В этот момент его житейская философия торжествовала, и он торжествовал вместе с ней.
– Спасибо за замечательный ужин. Было очень вкусно, – проговорил Берни, уже нетерпеливо ерзая на стуле и ища только предлог, чтобы встать. – Давайте обсудим этот вопрос как-нибудь в другой раз. И вообще, знаете ли, у нас с Эстер есть на этот счет кое-какие свои планы.
Эстер наступила ему на ногу под столом.
Их планы на жизнь – это одно, словно говорил ее умоляющий взгляд, а родительская опека – совсем другое. Старших следует уважать. Или по крайней мере терпеть. Хотя бы до поры до времени.
Берни понимающе ей кивнул и галантно раскланялся.
На сегодня он считал свои обязанности перед любимым семейством худо-бедно исчерпанными.
Когда он уходил от нее утром, ему казалось, что он уже никогда больше сюда не вернётся: все было сказано, все испробовано, никакой тайны не оставлено. Он полагал, что за предстоящий день с легкостью сожжет возведенные ночью хрупкие мосты.

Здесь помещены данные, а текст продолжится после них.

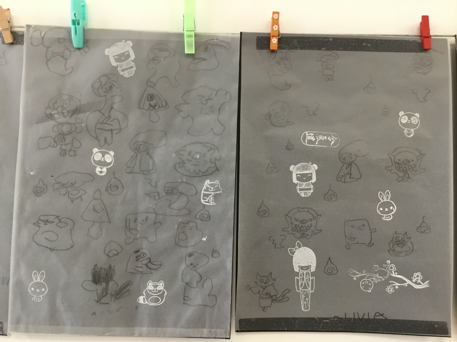 En arts visuels, nous avons travaillé sur les Yokais. Les élèves disposaient de divers motifs qu'ils pouvaient décalquer à leur guise (découverte pour eux du papier calque). Puis ils ont tamponné des personnages, objets... japonnais que la maîtresse possédait à l'aide d'encre blanche pour créer un contraste et faire ressortir ces motifs sur le papier calque. Le tout a été placé sur un fond noir, faisant ressortir les motifs au crayon gris et les tampons blancs.
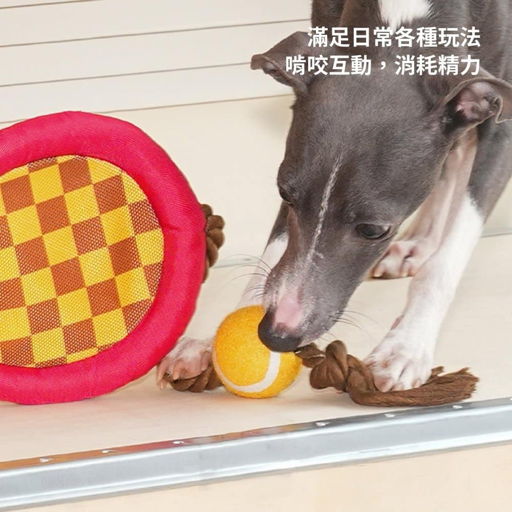 結合網球拍造型與耐咬繩結設計,一玩多用滿足咬咬、拉扯與互動需求
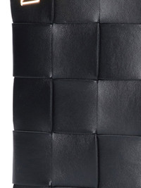 BOTTEGA VENETA 'INTRECCIATO' POUCH, BLACK LEATHER, TOP ZIPPER CLOSURE, GOLD METALLIC HARDWARE, ONE INSIDE POCKET. PRODUCT INFO PRODUCT CODE 652931 VCQC18425 - 100% LEATHER - H 20 X W 28 X D 1 CM MADE IN: ITALY
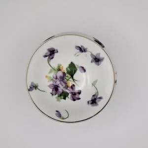 Up for sale is a beautiful Vintage Norcrest Fine China Footed Trinket Box. This elegant piece features a vibrant purple violet pattern on a crisp white porcelain background, accented with delicate gold gilt trim on the rim and feet.
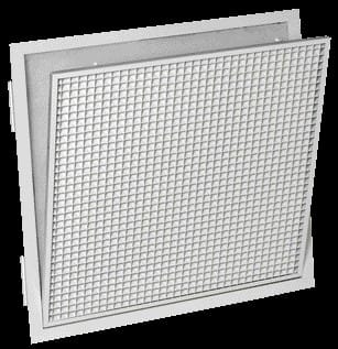 Grille plafond (reprise) ouvrante AC174Z - Aluminium avec peinture époxy blanche RAL9010 30% - Pour dalle de 600x600 mm avec support T - Mailles carrées 15x15mm inclinées à 45° - Avec filtre G3 15 mm classé M1 (ISO Grossier 60%)
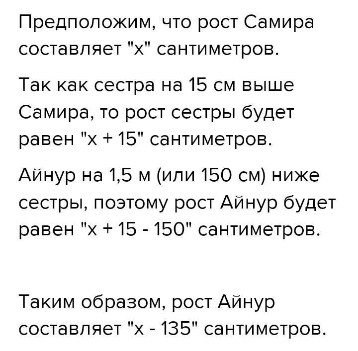 сестра на 15 см выше Самира Айнур на 1/5 м ниже сестры Самира Сколько сантиметров составляет рост Айнур
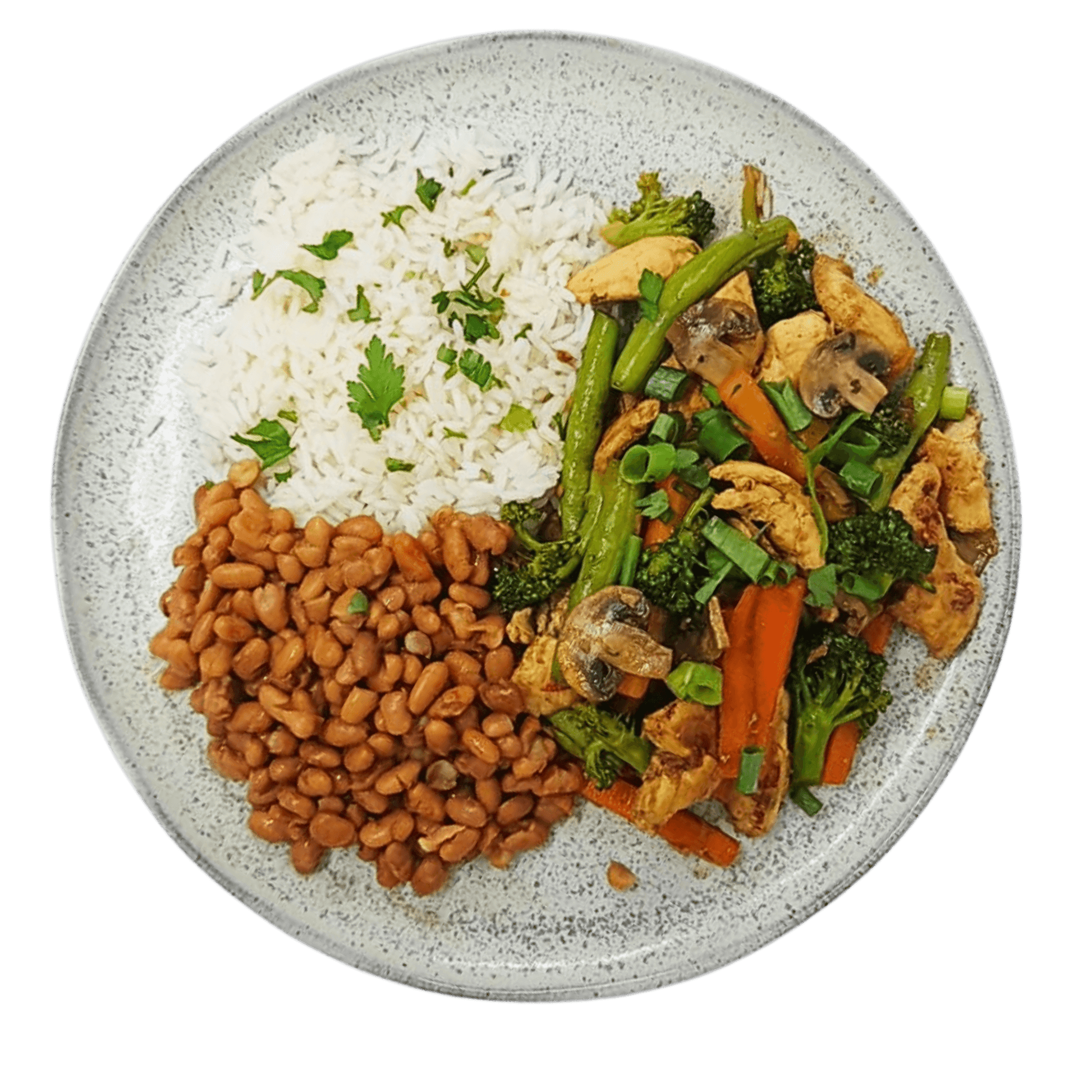 Filé de sassami orgânico refogado com alho natural, Sal do Himalaia, azeite de oliva extravirgem e páprica doce. Legumes como cenoura, vagem, champignon e brócolis cozidos no vapor são adicionados, criando um prato leve e saboroso.
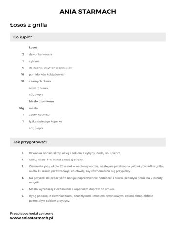 ANIA STARMACH Łosoś z grilla Co kupić? Łosoś 2 dzwonka łososia 1 cytryna 6 dokładnie umytych ziemniaków 10 pomidorków koktajlowych 10 czarnych oliwek oliwa z oliwek sól, pieprz Masło czosnkowe 50g masła 1 ząbek czosnku 1 łyżka świeżego koperku sól, pieprz Jak przygotować? 1. Dzwonka łososia skrop oliwą i sokiem z cytryny, dodaj sól i pieprz. 2. Grilluj około 4–5 minut z każdej strony. 3. Ziemniaki gotuj około 20 minut w osolonej wodzie, następnie przekrój na połówki/ćwiartki i grilluj około 10 minut, przewracając, co chwilę, aby równomiernie się przypiekły. 4. Na patyczki do szaszłyków nabijaj naprzemiennie pomidorki i oliwki, szaszłyki połóż na 2 minuty na grillu. 5. Masło wymieszaj z czosnkiem i koperkiem, dopraw do smaku. 6. Rybę podawaj z ziemniaczkami, szaszłykami i masłem czosnkowym, całość skrop obficie pozostałym sokiem z cytryny. Przepis pochodzi ze strony www.aniastarmach.pl
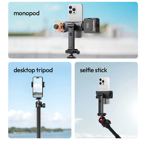 Ulanzi MA54 Uka Phone Holder je kompakten in zanesljiv nosilec za ustvarjalce vsebin, vlogerje in mobilne filmarje. Zasnovan je z integrirano Uka hitro snemljivo podlago, ki se brez težav pritrdi na združljive Uka stative in monopode, vgrajen 1/4"-20 notranji navoj pa razširja združljivost s standardnimi nosilci in dodatki. Vzmetna sponka varno drži pametne telefone širine od 2,4 do 4,1 palca (60–105 mm) in ima silikonsko obložene čeljusti za zaščito naprav in boljši oprijem. Za maksimalno prilagodljivost nosilec podpira 360° vrtenje in 180° nagib, kar omogoča enostavno preklapljanje med pokončno in ležečo usmeritvijo. Dve vgrajeni hladni čevlji omogočata enostavno pritrditev mikrofonov, LED-luči ali drugih dodatkov, kar MA54 naredi praktično rešitev vse v enem za ustvarjanje mobilnih vsebin.
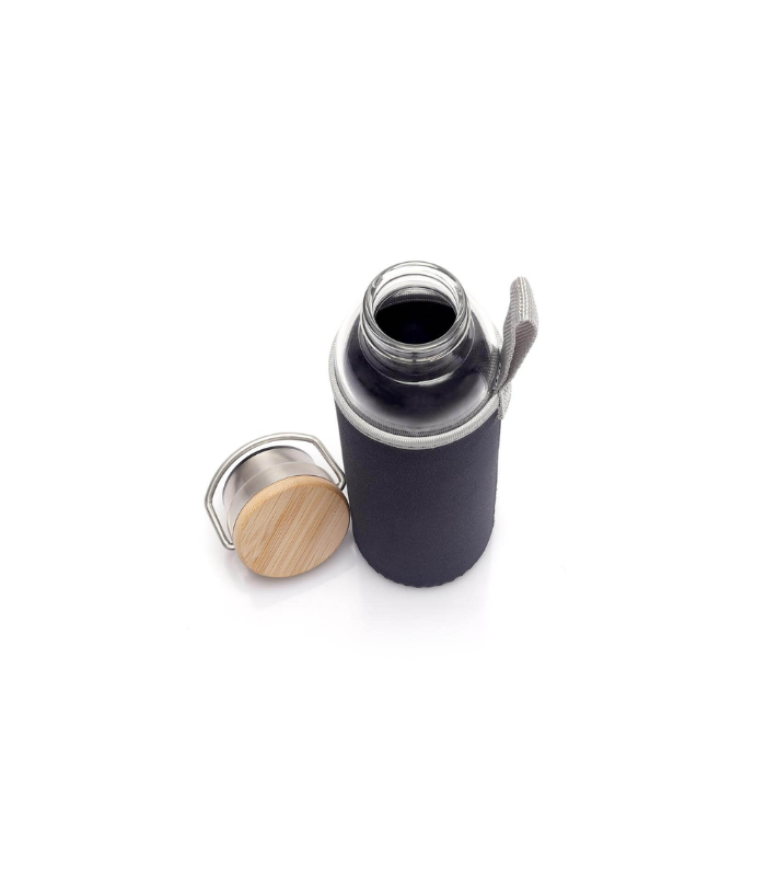 Floha is a borosilicate glass bottle with a bamboo lid + handle, with a color sleeve. Capacity: 500ml
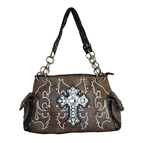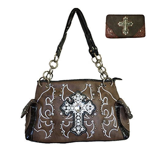 -. Title : Rhinestone Cross Leather Shoulder Handbag Purse One Set
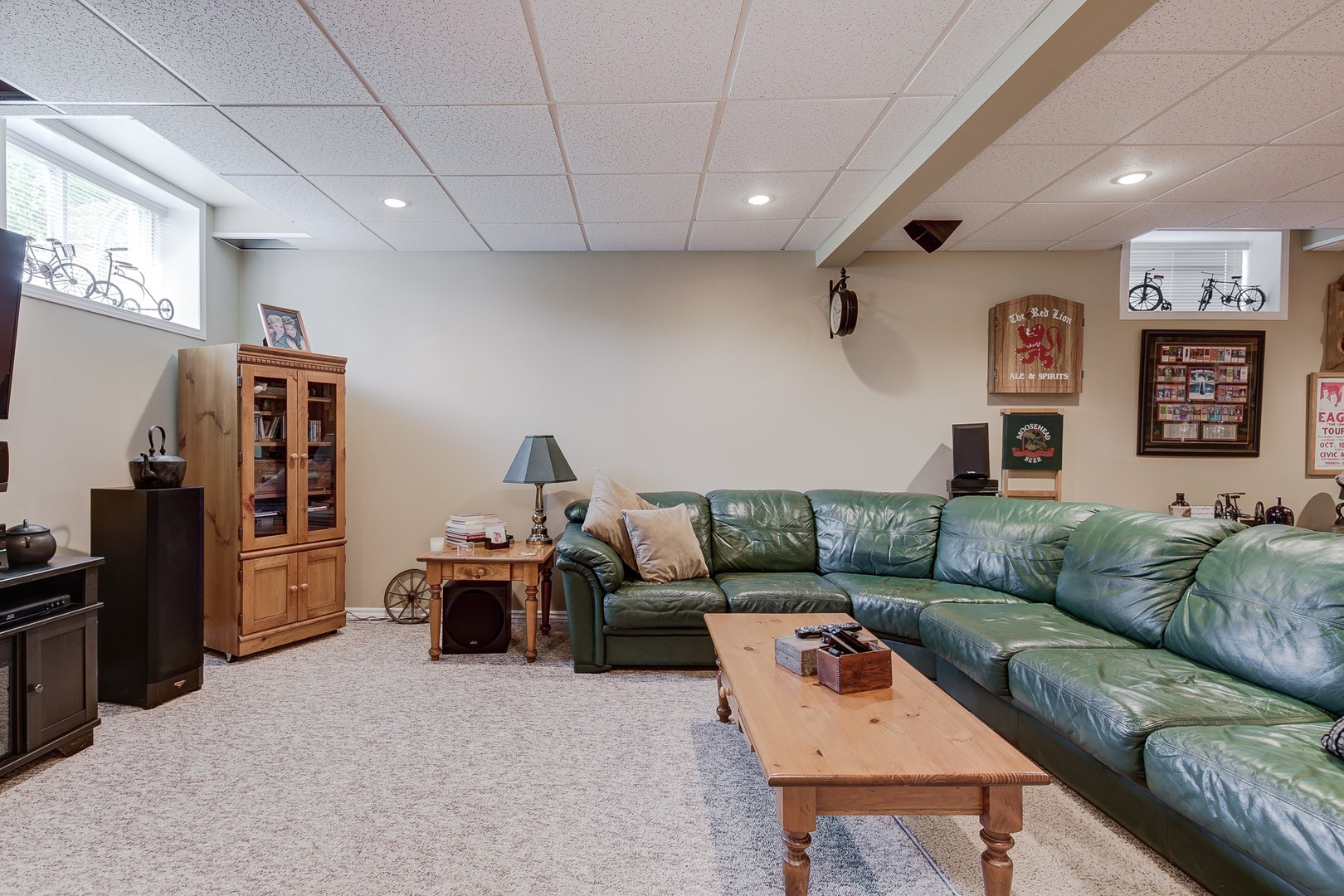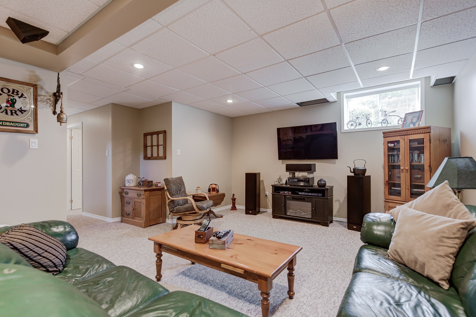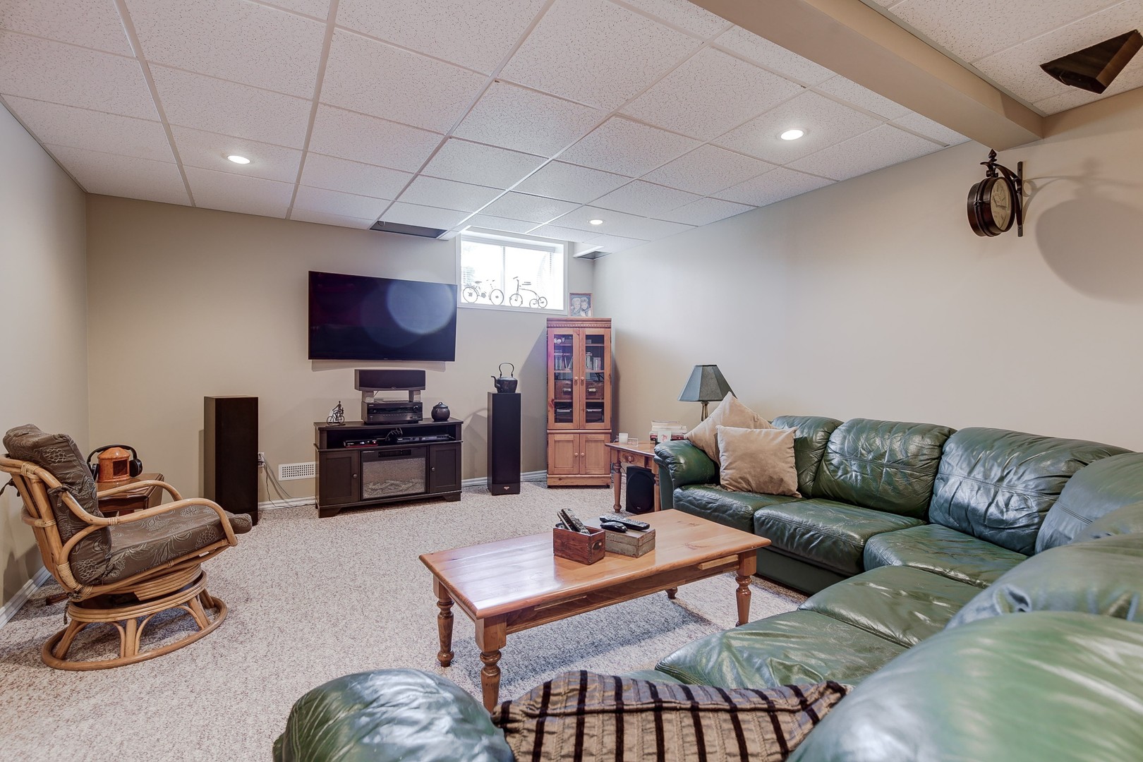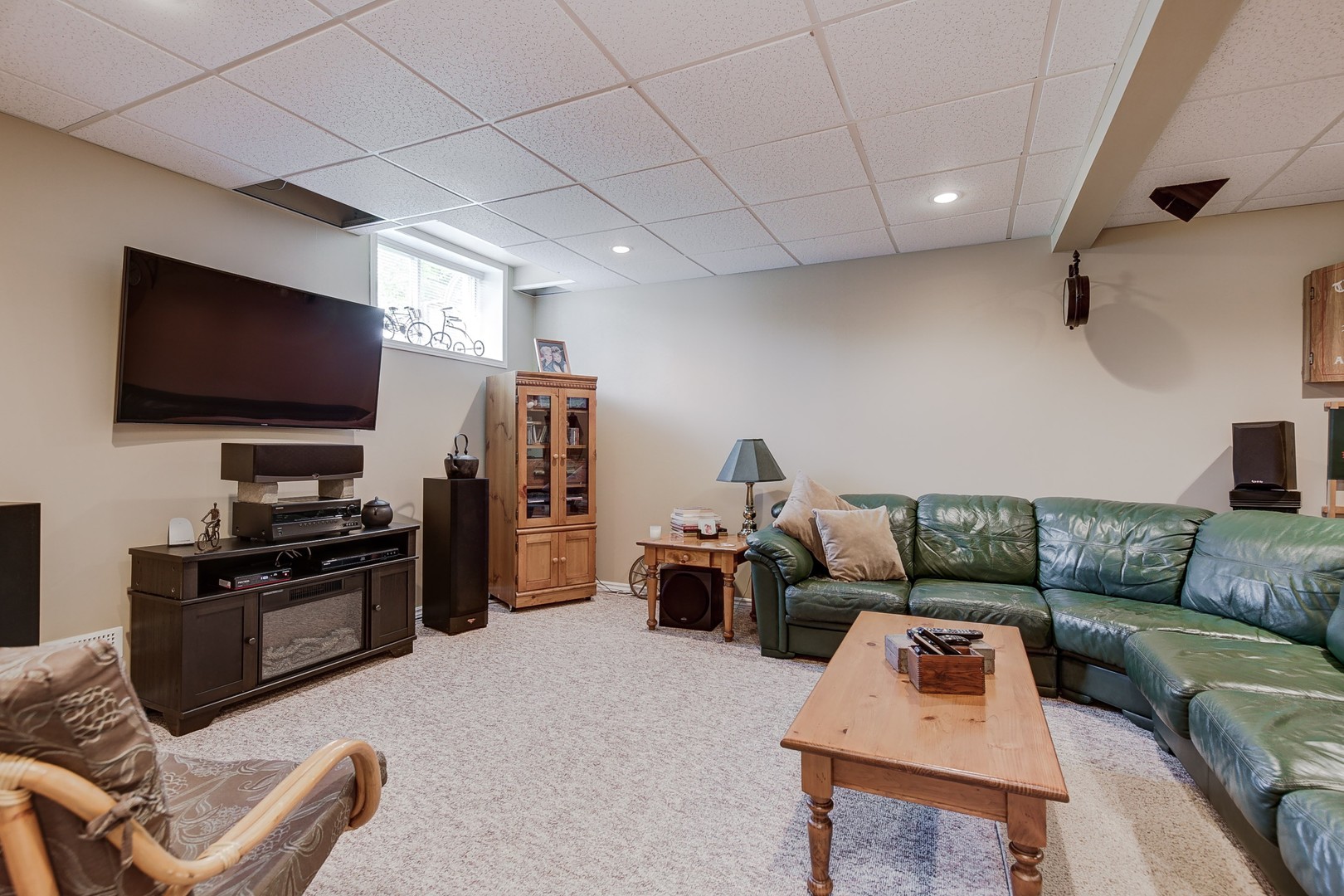 Fully finished bright basement with above grade windows, boasts an extra 3 piece washroom, two extra bedrooms, and an office with storage closet.Inviting family room has and electric fireplace, dry bar, and pot lights.
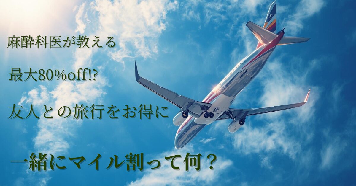 【初心者向け】効率重視の麻酔科医が教える、ANAマイルを貯める『最短2ステップ』 2026.04.14 マイル・ポイ活 麻酔科医フラッペ 麻酔科医フラッペの「ゆるお得ライフ」 友人との旅行も劇的にお得!ANA「いっしょにマイル割」で全員ハッピーになる方法 2026.04.06 マイル・ポイ活 麻酔科医フラッペ 麻酔科医フラッペの「ゆるお得ライフ」 1マイルが5円に化ける?ANAマイルの真骨頂「特典航空券」を使い倒すコツ 2026.03.25 マイル・ポイ活 麻酔科医フラッペ 麻酔科医フラッペの「ゆるお得ライフ」 「代えが効かない仕事だから」麻酔科医の私が、あえてANAを選ぶ理由 2026.03.11 マイル・ポイ活 麻酔科医フラッペ 麻酔科医フラッペの「ゆるお得ライフ」 【実質10%オフ】高速道路の「神制度」知ってる?麻酔科医が教えるETCマイレージの魅力 2026.02.23 節約・制度 麻酔科医フラッペ 麻酔科医フラッペの「ゆるお得ライフ」 QOLを下げない「ゆるポイ活」のススメ。効率重視の麻酔科医が教えるお得術ー自己紹介ー 2026.02.23 マイル・ポイ活 麻酔科医フラッペ 麻酔科医フラッペの「ゆるお得ライフ」

И вот теперь его снова тянуло сюда: в это парадное, в этот лифт, к этим кнопкам, из которых одна оказывалась именно той заветной, с цифрой, подспудно становящейся любимой, подспудно, но отчетливо.
Не потому ли пребывание в доме родителей Эстер оказало на него столь удручающее воздействие именно сегодня? Может быть, не отдавая себе в том отчета, он сам провоцировал это неприятие их заботливости, их совершенно нормальной при складывающихся обстоятельствах опеки, их суеверного страха перед «холостяцкой конурой»? Почему конурой?
Пройдя коридор и приблизившись к двери, он увидел, что она не заперта.
Больно защемило сердце.
Со Стефанией что-то случилось…
Он толкнул дверь плечом и вошел.
Это была не та квартира, из которой он ушел утром. Тогда она только еще выныривала из сумрачных волн ночи, тогда в ней еще жило странное ощущение пережитого – боли, наслаждения, страха, предчувствия, отчаяния, пресыщенности. Сейчас же квартира в эти волны едва начинала погружаться. В нее уже затекла с разноогненной улицы ночь, но в ней еще не было его присутствия, в ней не было еще ее. Стефании не было…
Он понял это сразу, как только переступил порог гостиной, где вчера ему было предложено на выбор три входа в божественное тело обнаженной специально для этого ритуала девушки.
В гостиной был только ее запах.
Потом он заметил, что повсюду горит свет.
Это могло означать надежду на скорое возвращение хозяйки. Или ее безвозвратное исчезновение из этого мира.
Где ты, мой маленький? С кем ты? Вернись!
Взгляд его упал на телевизор. Прямо на экране был приклеен желтый листок бумаги.